I lavori "Who is the Savage
Now" si confronta volutamente con il formato quadrato, iniziato quasi
inconsapevolmente su un formato analogo a quello scelto da Albers nel lontano
1950. I contenuti formali si perdono a distanza ravvicinata assumendo
quell'iterazione percettiva limitata a semplici contrasti cromatici,
complementari o simultanei.
L'esercizio della pittura, fortemente
caratterizzato nel periodo del lockdown, ricorre al semplice esercizio della
contrapposizione di colori. Non è semplice trasposizione di soggetti
naturalistici o astratti, bensì un paradigma o "episteme" che prende
forma solo allontanandosi, prendendo le distanze dalla realtà per cogliere
l'insieme e interpretarne il significato celato dai pixels, per affrancarsi
nella fantasia, unico rifugio congeniale.
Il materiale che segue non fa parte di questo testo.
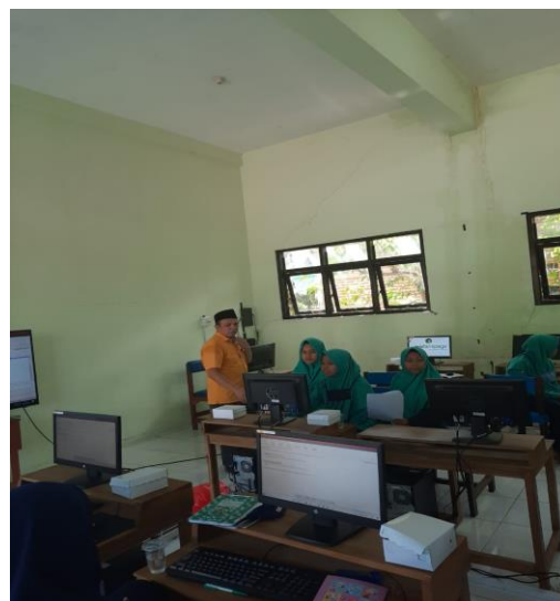
Gambar 3 Proses Pelatihan

Jika sudah berhasil login, User bisa mengakses beberapa menu yang ada di dalam website Pondok Pesantren Subulul Huda.
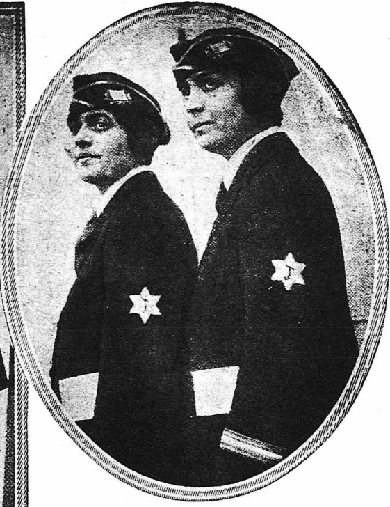
"Ανω εικόν. — Δύο περίφημες 'Αμερικανίδες πλοιαρχίνες εν στολή, υπηρετούσαι εις τὸν 'Εμπορικὸν στόλον τῶν 'Ηνωμένων Πολιτειῶν.
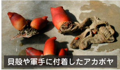
貝殻や軍手に付着したアカボヤ

北海道の太平洋側に生息しており、日本海側の水深50mほどの深みにも生息しています。主に根室で漁獲され、釧路やオホーツクでも漁獲されます。そのほとんどが道内で消費されています。9月～翌年1月頃まで産卵しますが、生息域の海水温が12～15℃となる10月下旬～11月中旬が産卵盛期とされています。産卵後数日でふ化し、幼生となり、2日程度で形状が丸くなり付着します。付着するものは特に決まっておらず、貝殻や軍手、空き缶、ロープなど何にでも付着します。

La distanza del Flaneur baudelairiano ci consente di cogliere gli aspetti inaccessibili e comportamentali della folla, pur esprimendo i valori tipici dell'estetica relazionale del "semionauta": "il creatore di percorsi in un paesaggio di segni. Abitanti di un mondo frammentato nel quale gli gli oggetti e le forme escono dal letto della loro cultura originaria per disseminarsi nello spazio globale (…) alla ricerca di connessioni da stabilire ".